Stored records
::::

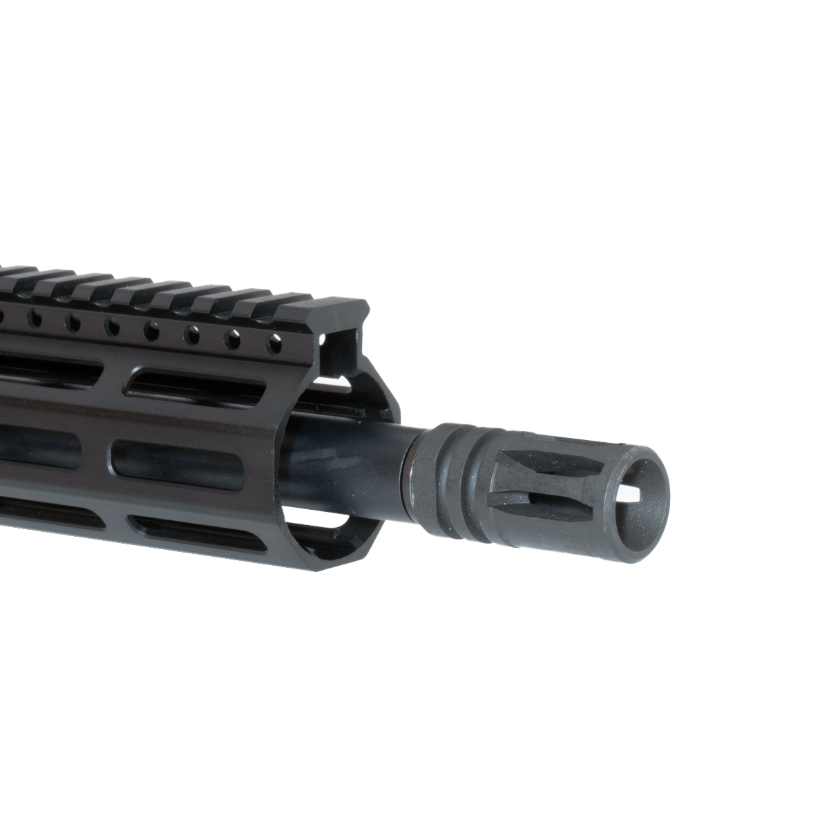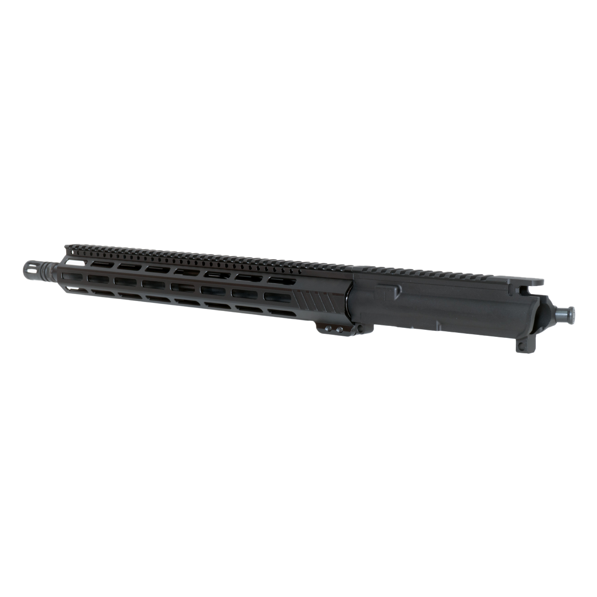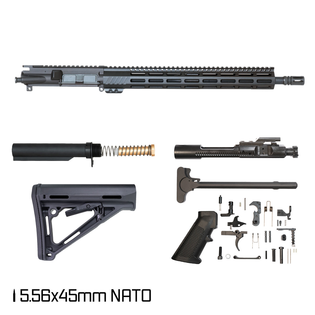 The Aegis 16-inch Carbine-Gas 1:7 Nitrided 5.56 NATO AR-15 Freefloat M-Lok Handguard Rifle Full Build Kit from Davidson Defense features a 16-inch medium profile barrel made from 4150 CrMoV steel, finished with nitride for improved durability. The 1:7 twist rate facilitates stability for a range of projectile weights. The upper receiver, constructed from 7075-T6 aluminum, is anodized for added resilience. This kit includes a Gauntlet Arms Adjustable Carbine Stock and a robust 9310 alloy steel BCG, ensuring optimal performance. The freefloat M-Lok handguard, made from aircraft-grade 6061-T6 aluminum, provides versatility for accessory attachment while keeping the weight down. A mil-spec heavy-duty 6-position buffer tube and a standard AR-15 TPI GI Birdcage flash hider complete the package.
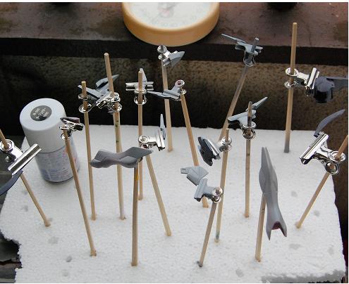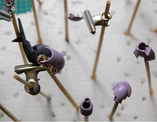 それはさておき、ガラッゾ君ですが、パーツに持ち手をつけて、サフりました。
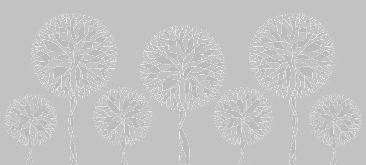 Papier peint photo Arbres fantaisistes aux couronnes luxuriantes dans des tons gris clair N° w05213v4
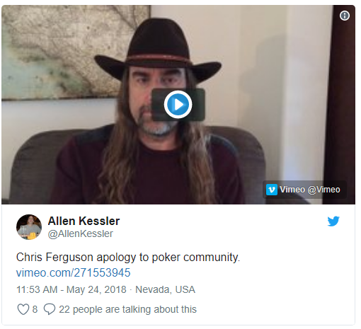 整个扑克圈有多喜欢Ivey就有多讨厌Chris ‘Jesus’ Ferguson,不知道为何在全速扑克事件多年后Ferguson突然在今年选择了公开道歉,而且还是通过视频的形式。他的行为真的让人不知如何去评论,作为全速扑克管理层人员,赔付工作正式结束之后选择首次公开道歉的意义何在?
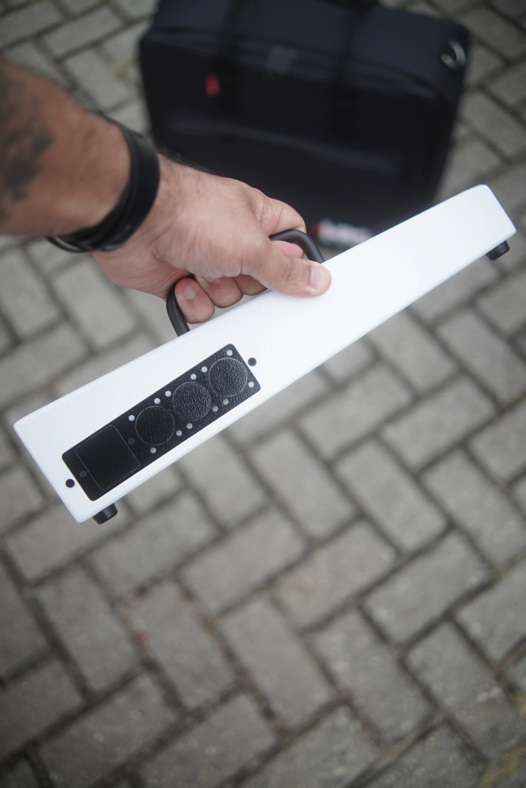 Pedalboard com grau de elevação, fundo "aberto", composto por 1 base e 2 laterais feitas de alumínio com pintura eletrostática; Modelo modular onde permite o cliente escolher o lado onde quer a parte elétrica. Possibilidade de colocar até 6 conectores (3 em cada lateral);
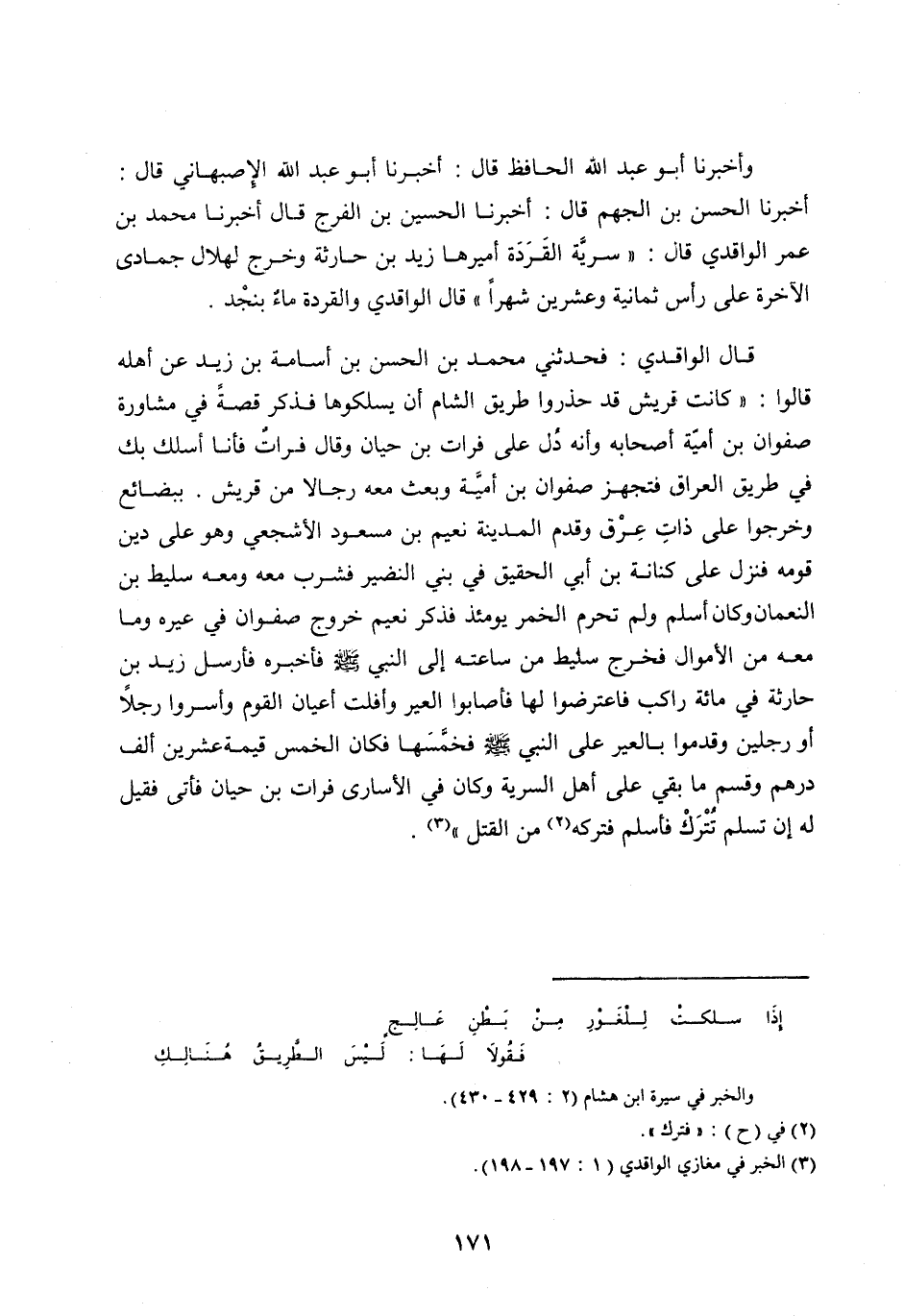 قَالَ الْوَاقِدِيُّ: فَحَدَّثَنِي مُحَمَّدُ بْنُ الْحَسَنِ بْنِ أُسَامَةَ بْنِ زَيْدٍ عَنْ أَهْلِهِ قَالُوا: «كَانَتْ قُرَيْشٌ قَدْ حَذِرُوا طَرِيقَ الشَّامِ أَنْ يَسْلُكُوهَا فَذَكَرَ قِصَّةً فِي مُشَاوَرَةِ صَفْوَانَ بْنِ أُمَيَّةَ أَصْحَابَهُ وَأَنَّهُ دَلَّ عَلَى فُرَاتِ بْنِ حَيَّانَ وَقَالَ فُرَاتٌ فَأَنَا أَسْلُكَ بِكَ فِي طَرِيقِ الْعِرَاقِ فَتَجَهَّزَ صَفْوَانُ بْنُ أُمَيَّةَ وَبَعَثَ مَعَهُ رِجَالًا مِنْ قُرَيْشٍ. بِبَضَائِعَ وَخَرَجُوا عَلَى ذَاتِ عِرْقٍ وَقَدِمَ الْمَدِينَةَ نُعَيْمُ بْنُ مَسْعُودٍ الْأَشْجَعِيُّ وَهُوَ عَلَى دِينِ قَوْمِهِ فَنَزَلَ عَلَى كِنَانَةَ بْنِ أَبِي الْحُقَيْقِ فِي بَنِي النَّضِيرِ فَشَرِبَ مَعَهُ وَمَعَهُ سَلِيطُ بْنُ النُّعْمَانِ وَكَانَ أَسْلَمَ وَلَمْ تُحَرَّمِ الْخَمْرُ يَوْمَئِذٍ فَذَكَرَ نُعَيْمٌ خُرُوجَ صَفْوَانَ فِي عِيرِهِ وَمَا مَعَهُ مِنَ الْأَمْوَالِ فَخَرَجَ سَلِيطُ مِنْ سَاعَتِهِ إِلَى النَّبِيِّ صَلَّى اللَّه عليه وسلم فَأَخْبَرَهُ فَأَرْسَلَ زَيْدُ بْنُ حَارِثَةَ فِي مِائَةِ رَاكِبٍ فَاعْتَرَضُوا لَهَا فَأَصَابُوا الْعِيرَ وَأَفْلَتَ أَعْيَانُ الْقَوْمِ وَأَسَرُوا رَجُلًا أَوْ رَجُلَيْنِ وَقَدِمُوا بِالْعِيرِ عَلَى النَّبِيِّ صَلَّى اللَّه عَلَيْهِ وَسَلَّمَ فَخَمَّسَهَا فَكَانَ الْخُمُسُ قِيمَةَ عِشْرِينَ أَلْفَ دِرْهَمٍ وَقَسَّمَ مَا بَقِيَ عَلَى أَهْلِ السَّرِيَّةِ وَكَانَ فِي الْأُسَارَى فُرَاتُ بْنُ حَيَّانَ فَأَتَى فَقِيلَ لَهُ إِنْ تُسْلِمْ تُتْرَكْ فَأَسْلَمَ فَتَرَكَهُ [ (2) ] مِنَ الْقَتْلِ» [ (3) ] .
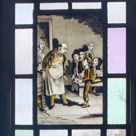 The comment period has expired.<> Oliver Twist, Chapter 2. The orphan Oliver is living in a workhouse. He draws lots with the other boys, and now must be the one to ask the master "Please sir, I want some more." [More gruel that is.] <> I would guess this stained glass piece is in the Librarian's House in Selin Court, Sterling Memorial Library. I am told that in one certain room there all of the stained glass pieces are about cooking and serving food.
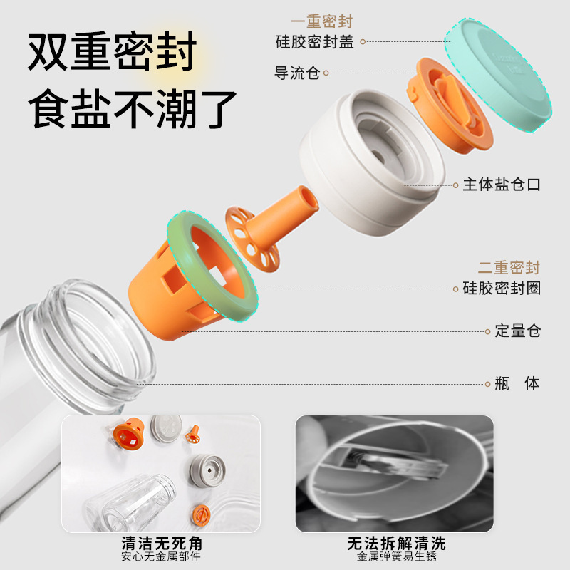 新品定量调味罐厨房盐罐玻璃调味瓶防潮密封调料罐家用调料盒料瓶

::::

WHAT YOU HAVE TO DO »
What you return must match the lines from the top of the data through the line with "それはさておき、ガラッゾ君ですが、パーツに持ち手をつけて、サフりました。" exactly, with the pictures removed.

WORKED SOLUTION »
 The Aegis 16-inch Carbine-Gas 1:7 Nitrided 5.56 NATO AR-15 Freefloat M-Lok Handguard Rifle Full Build Kit from Davidson Defense features a 16-inch medium profile barrel made from 4150 CrMoV steel, finished with nitride for improved durability. The 1:7 twist rate facilitates stability for a range of projectile weights. The upper receiver, constructed from 7075-T6 aluminum, is anodized for added resilience. This kit includes a Gauntlet Arms Adjustable Carbine Stock and a robust 9310 alloy steel BCG, ensuring optimal performance. The freefloat M-Lok handguard, made from aircraft-grade 6061-T6 aluminum, provides versatility for accessory attachment while keeping the weight down. A mil-spec heavy-duty 6-position buffer tube and a standard AR-15 TPI GI Birdcage flash hider complete the package.
 それはさておき、ガラッゾ君ですが、パーツに持ち手をつけて、サフりました。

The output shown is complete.